» **What needs to be done**: Without the pictures, retype exactly the lines from the top of the entries below through the line that contains "Round gloss multileg".

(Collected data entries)
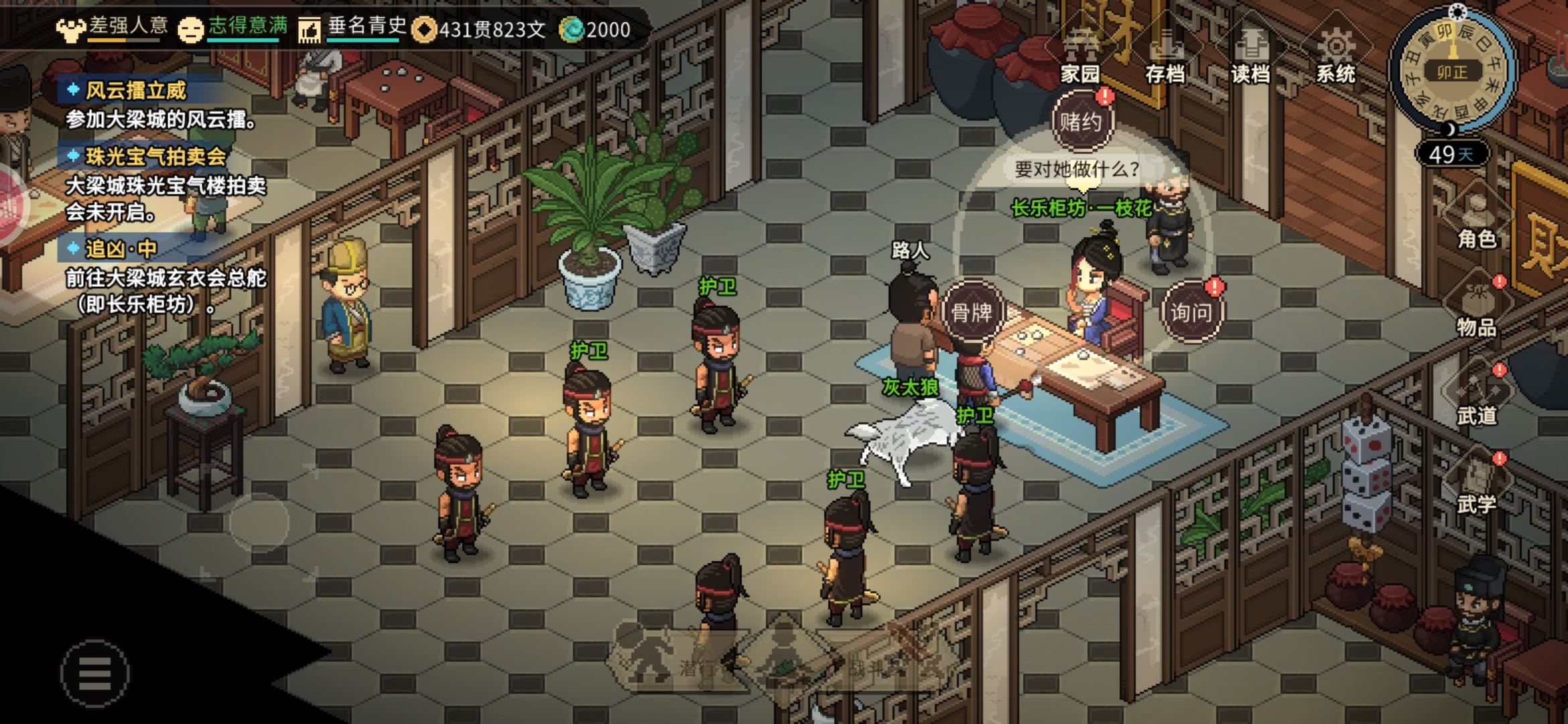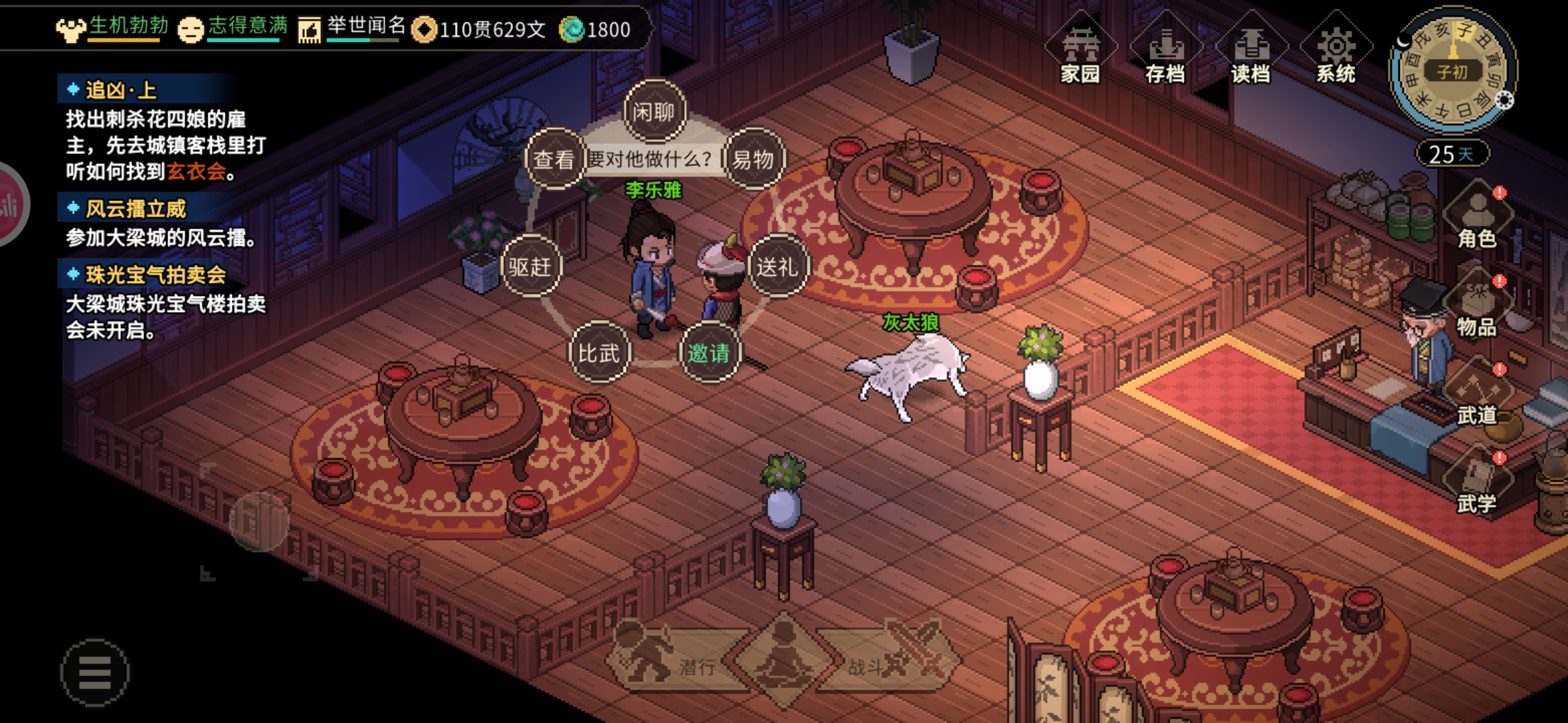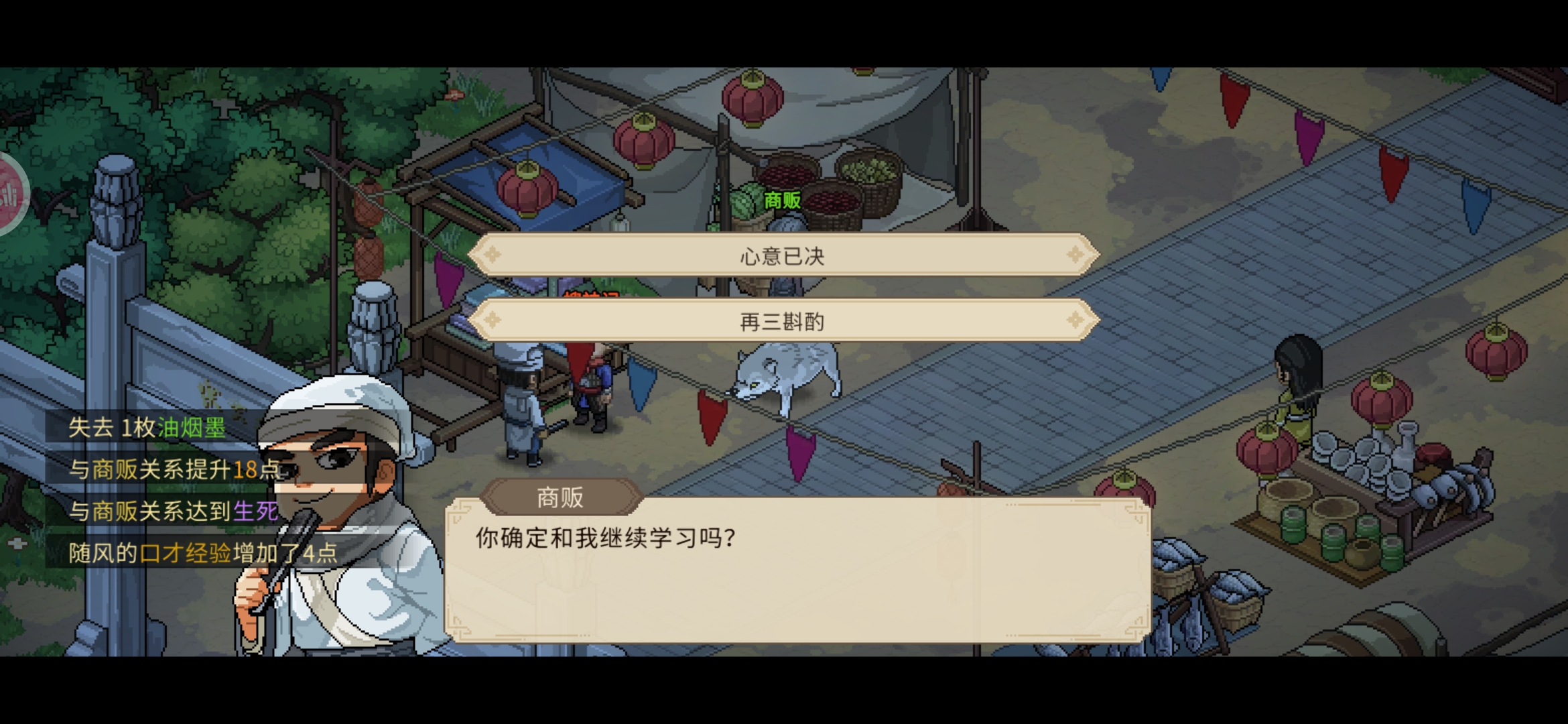 打完继续过一遍日常,去夜磨坊学艺至经商登峰造极(沈无欺也可以学,给的很多,别忘了)
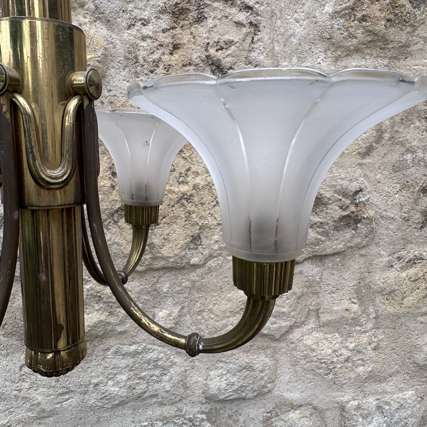 Art Deco chandelier in bronze and frosted molded-pressed glass from the Petitot workshop. Requires rewiring. Circa 1930.
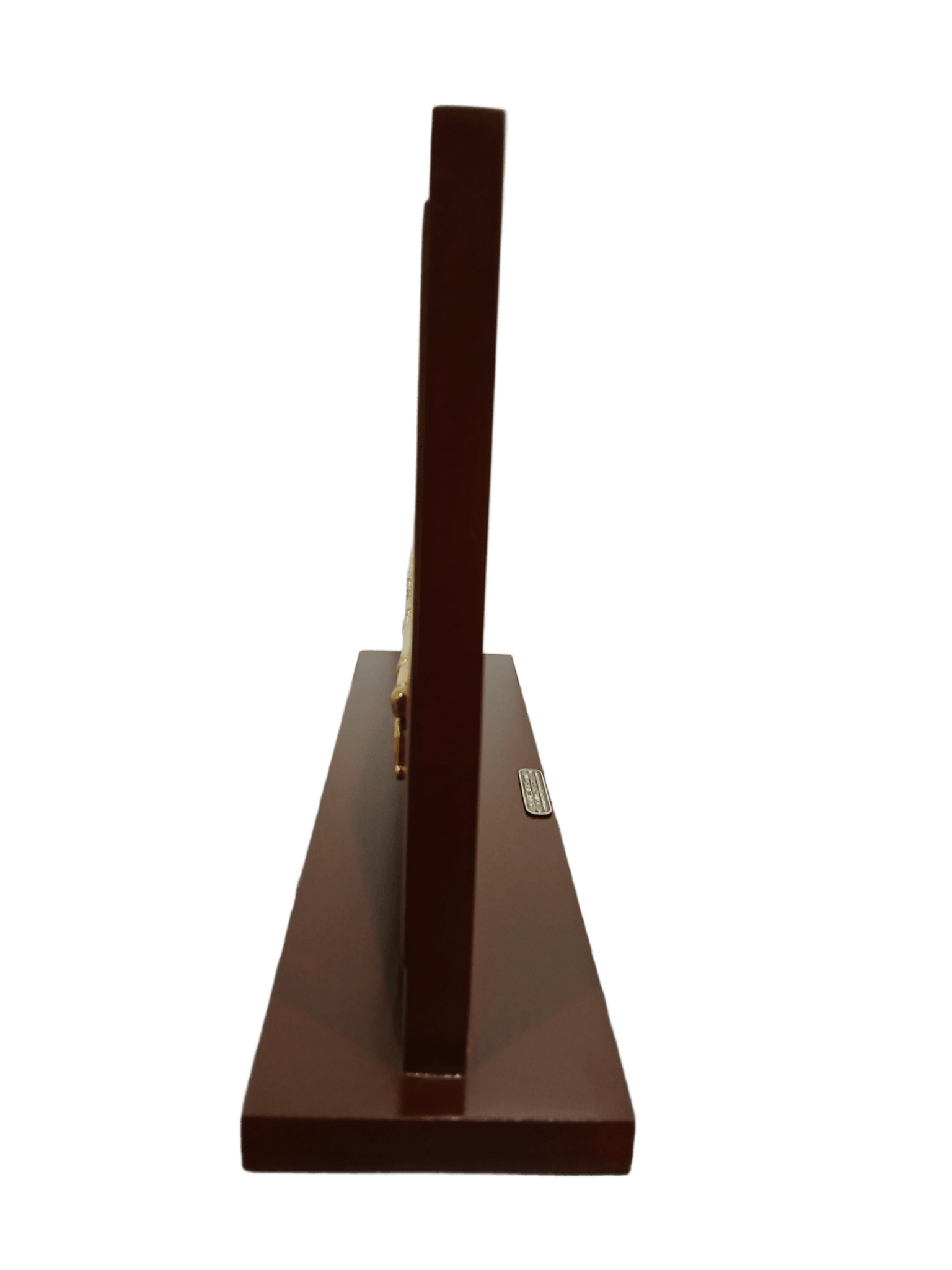 Solid wood base (painted brown, polished surface) Brass plate overlay (1.5 mm thick) Direct UV print on brass, with sanded & polished border edges |
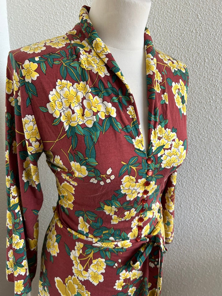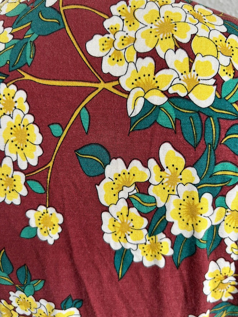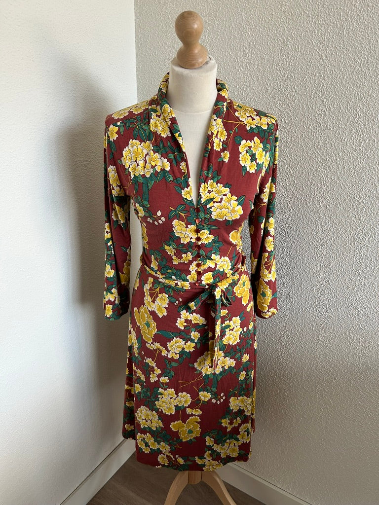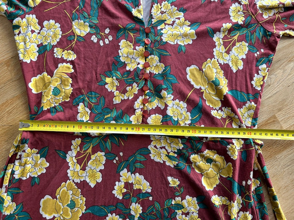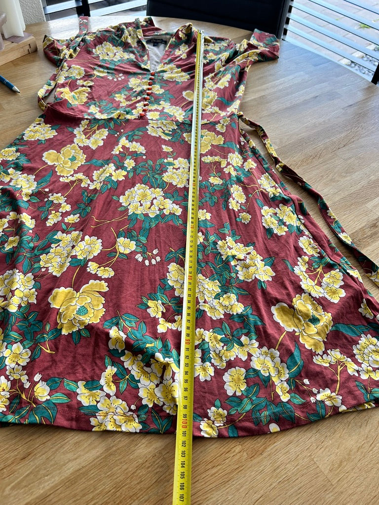 - Leuke najaars jurk in bruin mey gele groene en witte bloemen print
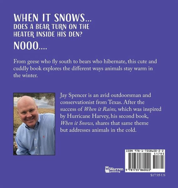 Jay Spencer is an avid outdoorsman and conservationist. After the success of When it Rains which was inspired by Hurricane Harvey, his second book When it Snows shares the same theme but addresses animals in the cold.
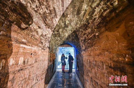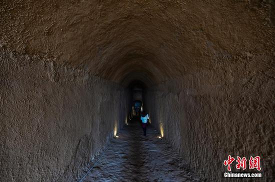该景陵直径110米,现高24米,地宫置于封丘之下,由墓道、前甬道、后甬道和墓室等四部分构成,全长56米余。它于1991年被发掘时采用沿墓道发掘的方式,完整保护了墓室地宫,墓道壁前段为土坯,后段为砖,墓室内石棺所在处为一座大穹顶空间,青砖逐层砌筑。图为12月4日,河南洛阳,北魏宣武帝“景陵”地宫墓道,阴冷恐怖。 中新社发 黄政伟 摄 图片来源:CNSPHOTO
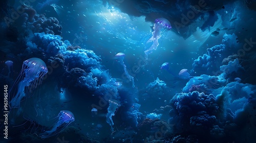 Fototapeta premium Bioluminescent Jellyfish in a Deep Sea Cave
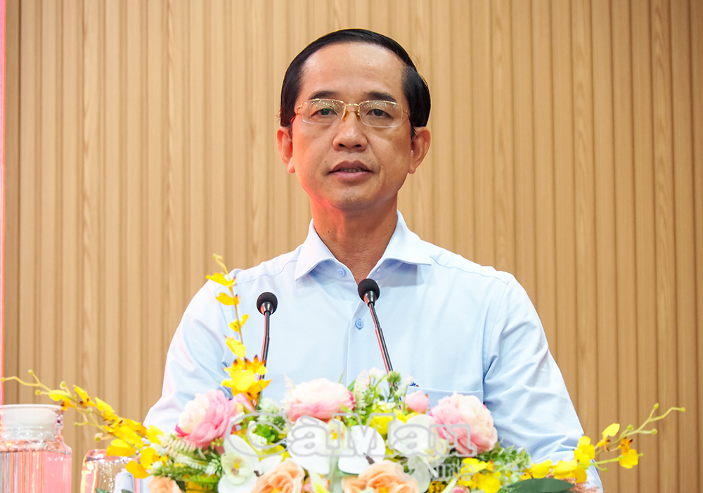 Đồng chí Hồ Thanh Thuỷ, Phó Bí thư Tỉnh uỷ, Chủ tịch Uỷ ban MTTQ Việt Nam tỉnh Cà Mau, phát biểu chỉ đạo tại hội nghị.
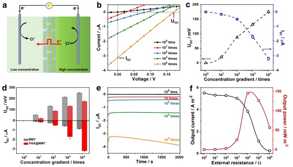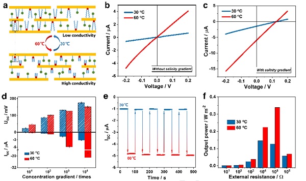图4. 二维温度门控阳离子通道应用于渗透能收集
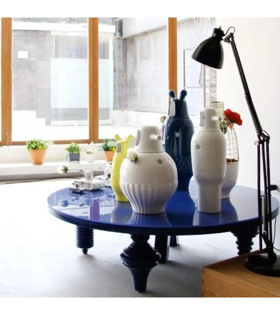 Round gloss multileg low table by Jaime HayonDimensions: Diameter 120 x height 35 cm Materials: MDF tabletop matt or gloss lacquered. Glass top of 8 mm lacquered on the bottom. Legs in solid alder wood are lacquered or stained to match with the table top. Available lacquered high gloss in white, red, blue, and black or lacquered matt in white, red, blue, and black.Available in rectangular shape and in finishes: Marble, matte, or walnut.The Multileg table came about in an obvious way, springing from the Multileg Cabinet. Using the same legs, Jaime designed three tabletops, converting them into functional sculptural centerpieces.In 1972, a group of young architects and designers from Barcelona created BD with the aim of producing and marketing furniture and other objects for our projects, with complete creative freedom and with a criterion that has turned out to be quite different from the norm at companies in the sector, regarding both the shape and function.
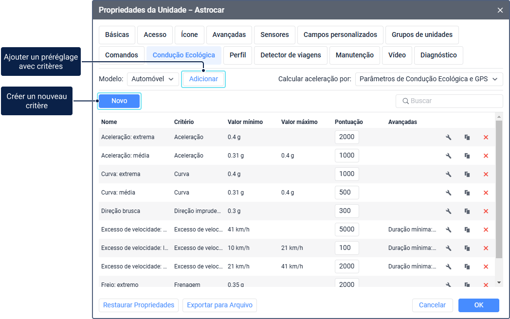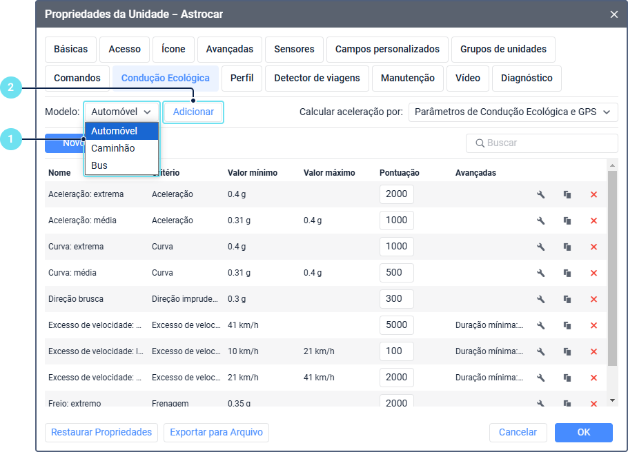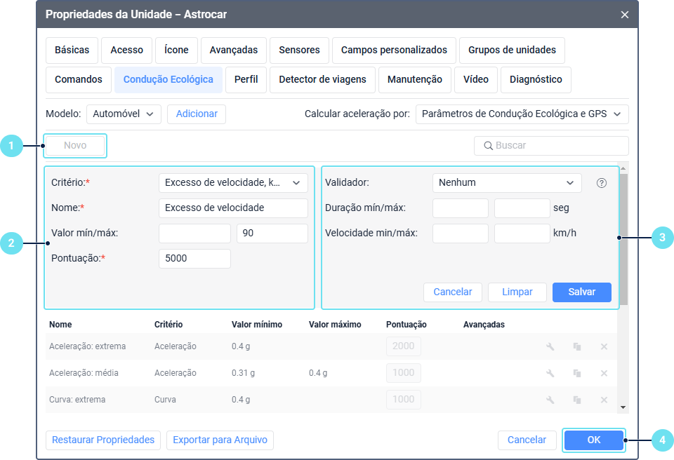 Nesta aba é possível selecionar o método que deve ser usado para calcular a aceleração e adicionar critérios que permitem avaliar a qualidade da condução e detectar infrações. Isso é necessário para melhorar a segurança da condução, manter a qualidade das mercadorias transportadas e reduzir os custos de combustível.
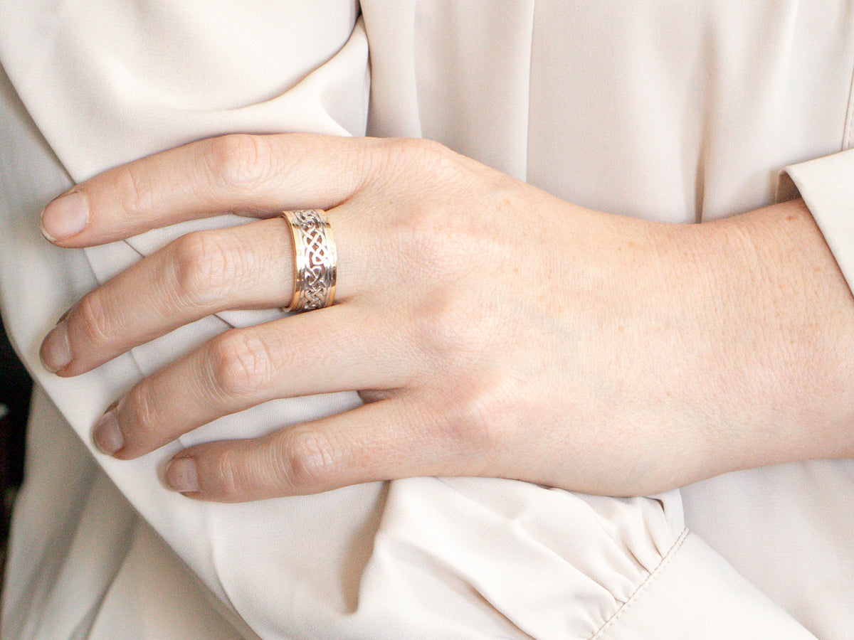 Introducing this unique wedding band! With yellow gold edges and a delicate openwork Celtic knot design in white gold, this band is the perfect symbol of unity and love. Get ready to say "I do" with a touch of Celtic charm and elegance!
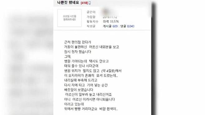 글쓴이 A 씨는 근처 편의점에 들렀다가 거동이 불편한 노부부를 보고 잠시 정차했는데, 노부부는 A 씨에게 "병원에 가야 하는데 택시가 안 온다"면서 "혹시 태워줄 수 있냐"고 물었다고 합니다.
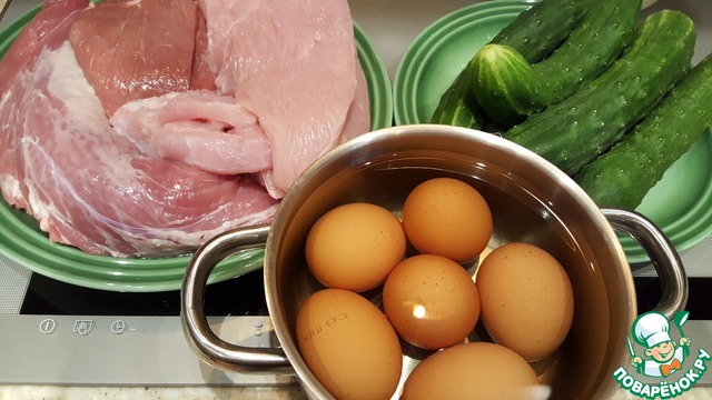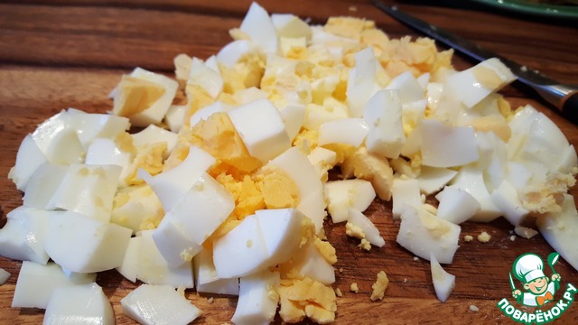 Какое бы ни было мясо, его ни рубить, ни провертывать на машинке нельзя, а необходимо нарезать его мелкими кубиками, так же нарезать и огурцы и яйца.
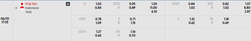 Bảng Tỷ lệ kèo bóng đá Nhật Bản vs Indonesia

» **Answer to this task**:
 打完继续过一遍日常,去夜磨坊学艺至经商登峰造极(沈无欺也可以学,给的很多,别忘了)
 Art Deco chandelier in bronze and frosted molded-pressed glass from the Petitot workshop. Requires rewiring. Circa 1930.
 Solid wood base (painted brown, polished surface) Brass plate overlay (1.5 mm thick) Direct UV print on brass, with sanded & polished border edges |
 - Leuke najaars jurk in bruin mey gele groene en witte bloemen print
 Jay Spencer is an avid outdoorsman and conservationist. After the success of When it Rains which was inspired by Hurricane Harvey, his second book When it Snows shares the same theme but addresses animals in the cold.
该景陵直径110米,现高24米,地宫置于封丘之下,由墓道、前甬道、后甬道和墓室等四部分构成,全长56米余。它于1991年被发掘时采用沿墓道发掘的方式,完整保护了墓室地宫,墓道壁前段为土坯,后段为砖,墓室内石棺所在处为一座大穹顶空间,青砖逐层砌筑。图为12月4日,河南洛阳,北魏宣武帝“景陵”地宫墓道,阴冷恐怖。 中新社发 黄政伟 摄 图片来源:CNSPHOTO
 Fototapeta premium Bioluminescent Jellyfish in a Deep Sea Cave
 Đồng chí Hồ Thanh Thuỷ, Phó Bí thư Tỉnh uỷ, Chủ tịch Uỷ ban MTTQ Việt Nam tỉnh Cà Mau, phát biểu chỉ đạo tại hội nghị.
图4. 二维温度门控阳离子通道应用于渗透能收集
 Round gloss multileg low table by Jaime HayonDimensions: Diameter 120 x height 35 cm Materials: MDF tabletop matt or gloss lacquered. Glass top of 8 mm lacquered on the bottom. Legs in solid alder wood are lacquered or stained to match with the table top. Available lacquered high gloss in white, red, blue, and black or lacquered matt in white, red, blue, and black.Available in rectangular shape and in finishes: Marble, matte, or walnut.The Multileg table came about in an obvious way, springing from the Multileg Cabinet. Using the same legs, Jaime designed three tabletops, converting them into functional sculptural centerpieces.In 1972, a group of young architects and designers from Barcelona created BD with the aim of producing and marketing furniture and other objects for our projects, with complete creative freedom and with a criterion that has turned out to be quite different from the norm at companies in the sector, regarding both the shape and function.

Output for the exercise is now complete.